**Your objective**
Copy exactly the stretch of data below from the line with "(以前の記述)西金御城は大子町南部の西金(さいかね)地区にある。室町期の城館で、山林、宅地になっているという。 | |" through the line with "plaats van doormidden.", including both of those lines.

**Supplied entries**
________________

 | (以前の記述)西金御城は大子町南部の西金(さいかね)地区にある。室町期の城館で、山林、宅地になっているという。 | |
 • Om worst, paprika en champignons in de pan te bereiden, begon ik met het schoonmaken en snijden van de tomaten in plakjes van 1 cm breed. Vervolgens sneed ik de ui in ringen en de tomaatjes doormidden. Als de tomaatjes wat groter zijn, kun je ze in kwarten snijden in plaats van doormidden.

________________

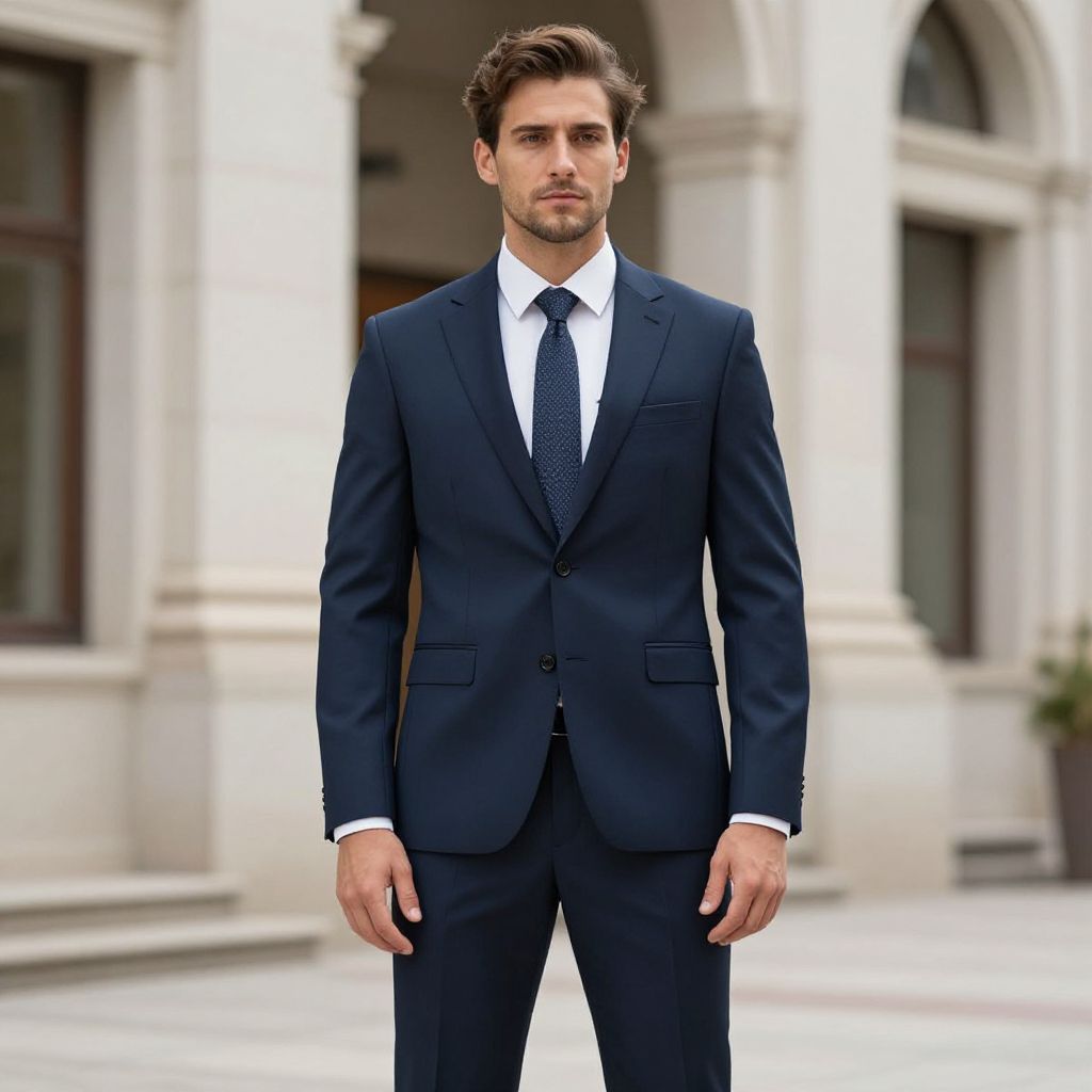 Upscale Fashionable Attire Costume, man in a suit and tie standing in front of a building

________________

**Finished task**
 | (以前の記述)西金御城は大子町南部の西金(さいかね)地区にある。室町期の城館で、山林、宅地になっているという。 | |
 • Om worst, paprika en champignons in de pan te bereiden, begon ik met het schoonmaken en snijden van de tomaten in plakjes van 1 cm breed. Vervolgens sneed ik de ui in ringen en de tomaatjes doormidden. Als de tomaatjes wat groter zijn, kun je ze in kwarten snijden in plaats van doormidden.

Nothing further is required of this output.